Dans le cadre de l’initiative Assureurs – CDC pour contribuer à la reprise de l’économie post crise sanitaire, La Financière de l’Echiquier (LFDE) annonce ce mardi 28 juillet le lancement du fonds « NOVI Coté 2020 ». Il s'agit d'un véhicule d'investissement professionnel spécialisé, dédié au soutien des PME et des ETI françaises. Dans ce cadre, LFDE lève 72M€.

« L'approche responsable, l'intégration exigeante des critères extra-financiers, l'attention portée à la dimension sociale du projet sont des priorités pour notre maison engagée en faveur de l'investissement responsable depuis trois décennies. Le lancement du fonds NOVI Coté 2020 s'inscrit résolument dans notre démarche responsable, ancrée dans le temps long », déclare Olivier de Berranger, Directeur Général Délégué de LFDE.

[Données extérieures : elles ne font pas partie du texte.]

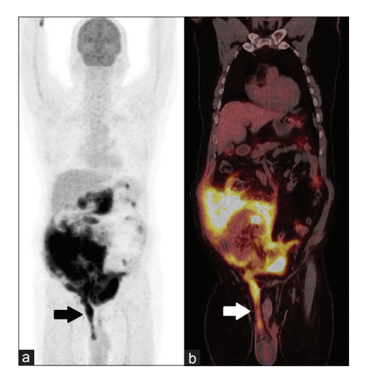
Figure 1: Baseline (a) 18-fluorodeoxyglucose positron emission tomography-computed tomography maximum intensity projection reconstruction of computed tomography attenuation corrected image and (b) 18-fluorodeoxyglucose positron emission tomography-computed tomography (fused) coronal reconstruction image revealing intensely fluorodeoxyglucose-avid primary lesion encasing the transplanted kidney, invading the adjacent ascending colon, cecum, and distal part of ileum. The lesion is also extending in right inguinal canal (arrow)

PTLD is a heterogeneous group of lymphoproliferative diseases ranging from hyperplastic lesions to polymorphic and monomorphic lesions that occur in the setting of solid organ or allogeneic hematopoietic cell transplantation. Risk factors include EBV infection, human leukocyte antigen mismatching, and T-cell depletion. It is the most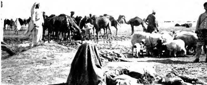
WELL AT JEDABIA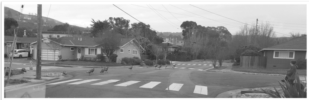
A gaggle of Wild Turkey's spotted in December at the corner of Seawolf and Spindrift

Paper and cardboard that is contaminated with spilled liquids and broken glass in the single stream container or truck ends up in the landfill rather than being recycled. Prices for clean glass/plastic/aluminum recyclables is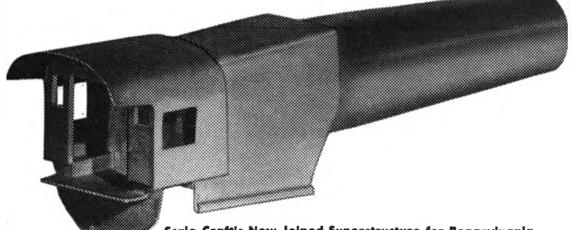
Scale-Craft's New Joined Superstructure for Pennsylvania, Southern Pacific and S. P. Mountain Type Locomotives

At no extra cost we now offer Kits for tages! Pennsylvania K4, Southern Pacific Mountain Type, and S. P. 13 Locomotives, with the following parts joined together— Tapered Boiler Section; Fire Box Joint pictures of famous model systems, plans and tech-Casting; Fire Box, Fire Box Back Plate; Formed Cab; Cab Front and Back Castings; and Cab Floor. Thus, with the most difficult operations all completed, there remain only the easier tasks of cleaning

Petites et moyennes valeurs

Après « NOVI 1 » lancé en 2015 — pour lequel LFDE gérait la poche cotée —, la société de gestion répond à nouveau à des enjeux collectifs, en concevant ce fonds qui repose sur son expertise historique de sélection de petites et moyennes valeurs. L'expertise ISR de LFDE se traduit dans ce fonds par des exclusions sectorielles renforcées et une approche extra-financière.

L'univers d'investissement de « NOVI Coté 2020 » est centré sur des sociétés dont la capitalisation boursière est inférieure à 1 milliard d'euros, avec maximum 25 % d'entre elles dont la capitalisation est comprise entre 1 et 2 milliards d'euros. Ces sociétés affichent un chiffre d'affaires (CA) compris entre 10 et 2 000 millions d'euros.